Recorded data:
☆ ☆ ☆
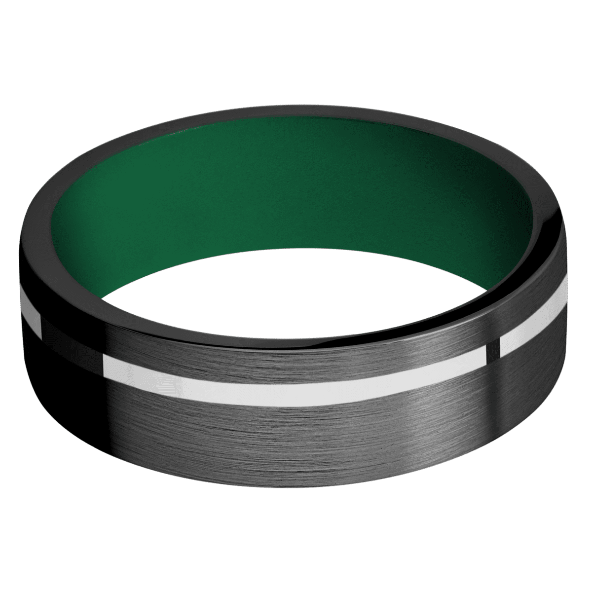 7 mm wide/Flat/Zirconium band with one 1 mm Off Center inlay of 14K White Gold also featuring a Green sleeve.
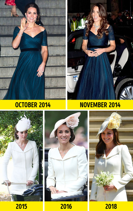 6. كيت ميدلتون: لقد أثبتت دوقة كامبريدج للعالم وبريطانيا بالفعل أنها شخصية برجماتية. تحب الملابس التي ليست من ماركات باهظة الثمن، وتلبس الأشياء مرتين أو ثلاثة. حتى أنها ترتدي ثيابها عدة مرات، فقط تغير إكسسواراتها وتسريحة شعرها.
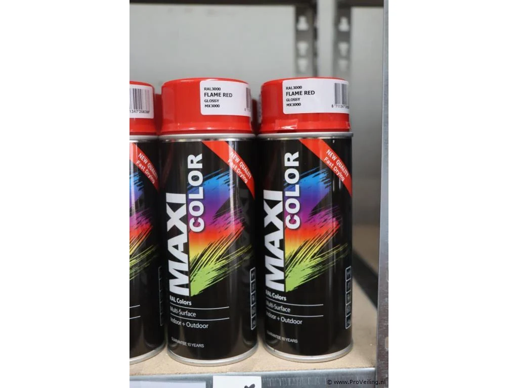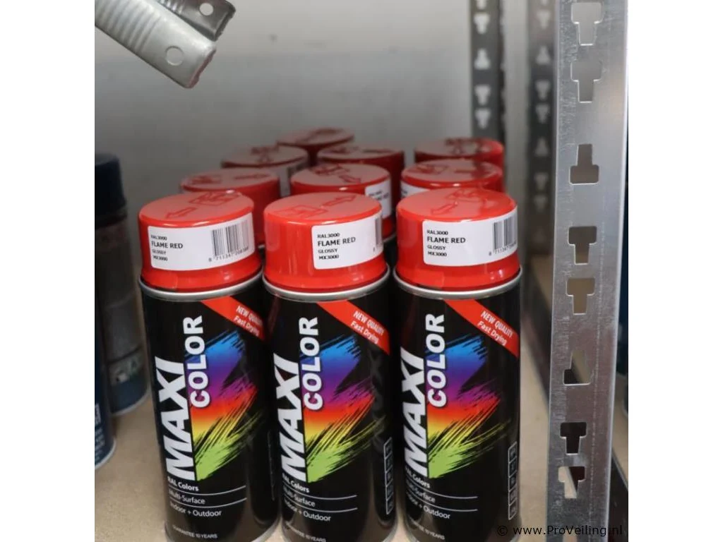 Partij spuitbussen: merk Maxicolor; geschikt voor binnen en buitengebruik; RAL 3000 vuurrood; glans; geschikt voor diverse ondergronden; aantal ca. 10 bussen á 400ml.
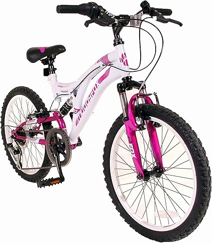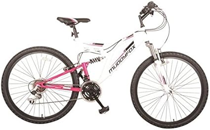 Ausgestattet mit einem super auffälligen rosa und weiß design wird die muddyfox radar shimano mit einem stahlrahmen und doppel suspension auf jedem terrain zu bekämpfen ausgestattet.
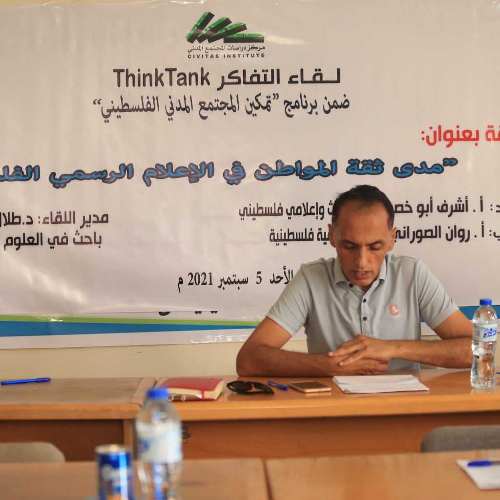 عقد مركز دراسات المجتمع المدني CIVITAS لقاء التفاكر Think Tank الأول لعام 2021 حيث تم عرض ورقة تفاكر بعنوان: “مدى ثقة المواطن في الإعلام الرسمي الفلسطيني” للباحث: أشرف أبو خصيوان
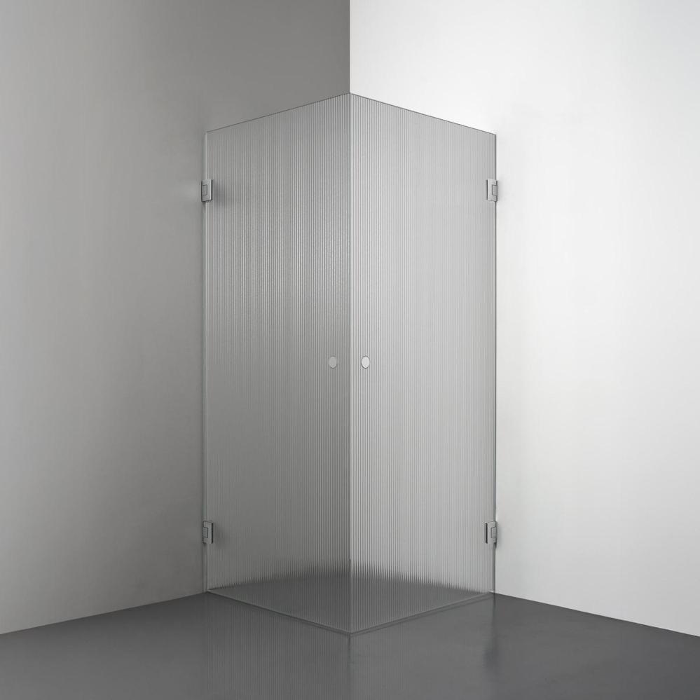 Den här modellen erbjuder två raka duschdörrar i 8 mm glas som möts i en hörna. Lösningen utstrålar lyx och modernitet - med möjlighet att välja mellan olika handtagsalternativ - vilket gör den till en stark kandidat för badrum som kräver en stor ingångsyta och en exklusiv design.
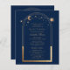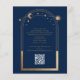 Célestial Blue Dourado QR Code Quinceañera Invices apresenta um elegante sol dourado, lua e estrelas com ouro em fundo azul. Dentro é a sua informação de convite da Quinceañera. No verso, adicione informações adicionais, como o site da Quinceañera e o código QR. Personalize editando o texto nas caixas de texto. Projetado para você pelo Evco Studio www.zazzle.com/store/evcostudio
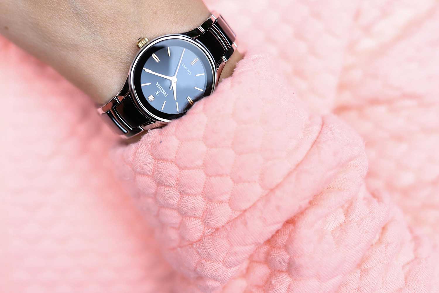 Яркий стиль и функциональность этих часов придутся по душе активной девушке. Кварцевый механизм с высокой точностью. Минеральное стеклоМинеральное стеклоМинеральное стекло представляет собой искусственно выращенный минерал кварца. Такое стекло отличается особой устойчивостью к повреждениям и царапинам. Уступает по некоторым качествам сапфировому стеклу. устойчивое к появлению царапин, обладающее высокой прозрачностью. Керамический неподвижный безельБезельВнешний ободок, закрепляющий стекло. В спортивных часах так называется поворотное кольцо с делениями на циферблате, выполняет роль таймера – замеряет отрезки времени на шкале. Неподвижный безель – элемент декора. Однонаправленно вращающийся безель на дайверских часах позволяет фиксировать моменты погружения и выныривания на поверхность.. Класс водозащиты: 50 метров, позволит защитить корпус от случайных брызг или капель дождя. Корпус часов изготовлен из нержавеющей стали. Браслет с керамическими вставками и с раскладной застёжкойРаскладная застёжкаТакой тип застёжки используется только на браслетах из металла. Она никогда не раскрывается полностью, происходит разделение на 2 и более частей. Раскладывающая застёжка снизит вероятность потери часов к минимуму..
☆ ☆ ☆
> Task
Omit every picture, and please return the entries exactly from the first line through the line with "Célestial Blue Dourado", both included.

> Response area
 7 mm wide/Flat/Zirconium band with one 1 mm Off Center inlay of 14K White Gold also featuring a Green sleeve.
 6. كيت ميدلتون: لقد أثبتت دوقة كامبريدج للعالم وبريطانيا بالفعل أنها شخصية برجماتية. تحب الملابس التي ليست من ماركات باهظة الثمن، وتلبس الأشياء مرتين أو ثلاثة. حتى أنها ترتدي ثيابها عدة مرات، فقط تغير إكسسواراتها وتسريحة شعرها.
 Partij spuitbussen: merk Maxicolor; geschikt voor binnen en buitengebruik; RAL 3000 vuurrood; glans; geschikt voor diverse ondergronden; aantal ca. 10 bussen á 400ml.
 Ausgestattet mit einem super auffälligen rosa und weiß design wird die muddyfox radar shimano mit einem stahlrahmen und doppel suspension auf jedem terrain zu bekämpfen ausgestattet.
 عقد مركز دراسات المجتمع المدني CIVITAS لقاء التفاكر Think Tank الأول لعام 2021 حيث تم عرض ورقة تفاكر بعنوان: “مدى ثقة المواطن في الإعلام الرسمي الفلسطيني” للباحث: أشرف أبو خصيوان
 Den här modellen erbjuder två raka duschdörrar i 8 mm glas som möts i en hörna. Lösningen utstrålar lyx och modernitet - med möjlighet att välja mellan olika handtagsalternativ - vilket gör den till en stark kandidat för badrum som kräver en stor ingångsyta och en exklusiv design.
 Célestial Blue Dourado QR Code Quinceañera Invices apresenta um elegante sol dourado, lua e estrelas com ouro em fundo azul. Dentro é a sua informação de convite da Quinceañera. No verso, adicione informações adicionais, como o site da Quinceañera e o código QR. Personalize editando o texto nas caixas de texto. Projetado para você pelo Evco Studio www.zazzle.com/store/evcostudio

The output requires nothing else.